Stella Nyanzi is a celebrated Ugandan academic, feminist and queer activist, and poet who has been detained since November 2018. She was charged with “cyber harassment and offensive communication” of Uganda’s president, Yoweri Museveni, after publishing a poem critical of his 33-year dictatorship, and was sentenced in August 2019 to 18 months in prison.
Nyanzi has been well-known in African academic and activist circles for decades, and is the leader of the #Pads4Uganda project, which sought to provide sanitary pads to all schoolgirls in Uganda free of charge. She began this project in 2017, and encountered her first legal troubles after publishing a different poem, critical of First Lady Janet Museveni, after she claimed there wasn’t enough money in the national budget to fund the project. After spending one month in prison for that offense and being freed on bail, Nyanzi successfully crowdfunded her project anyway.
Fiercely opposed to the 33-year presidency of Yoweri Museveni, who recently amended the Ugandan constitution to remove the upper age limit for the presidency, allowing himself to run again in 2021, Nyanzi has stated that she resists the dictatorship by employing a traditional Ugandan form of protest: “radical rudeness.” First devised as a form of resistance to British colonialism, radical rudeness seeks to use vulgarity and nudity to call attention activism by offending the targeted party.
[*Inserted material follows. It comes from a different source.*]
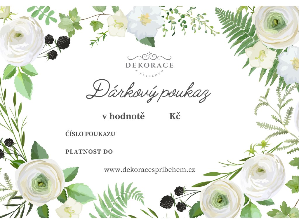 * Dárkový poukaz lze uplatnit pouze na zboží nabízené na stránkách obchůdku Dekorace s příběhem (www.dekoracespribehem.cz).

And in Nyanzi’s case, it seems to have worked.
On September 16, 2018, the day after Museveni’s 74th birthday, Nyanzi published a poem on Facebook that graphically described her opposition to his influence over Ugandan society. Explicitly referencing his mother’s vagina, Nyanzi wrote that she wish he had drowned during birth just as he “sank and murdered the dreams and aspirations of millions of youths who languish in the deep sea of massive unemployment…in Uganda.”
In May 2019, Nyanzi’s lawyers argued that the government had no case against her as the word “vagina” is not an expletive. Government prosecutors were unswayed, however, and Nyanzi went to trial in July 2019. Finally, in August 2019 she was convicted of offending the president and cyber harassment, at which point the magistrate decided on an 18-month prison sentence over a fine because Nyanzi was unremorseful. In fact, in response to the court’s decision, via video link from the Luzira Women’s Prison where Nyanzi has already served half of her sentence, she said she gladly accepted the punishment among a slew of other profanities. Supporters present in the courtroom cheered loudly as she spoke.
In a climate of increasingly repressed free expression, it is crucial that government critics in Uganda be free to speak out against the government and in support of political change. Nyanzi must be released from prison immediately and her conviction must be overturned. Please join The Voice Project in calling for her immediate and unconditional release.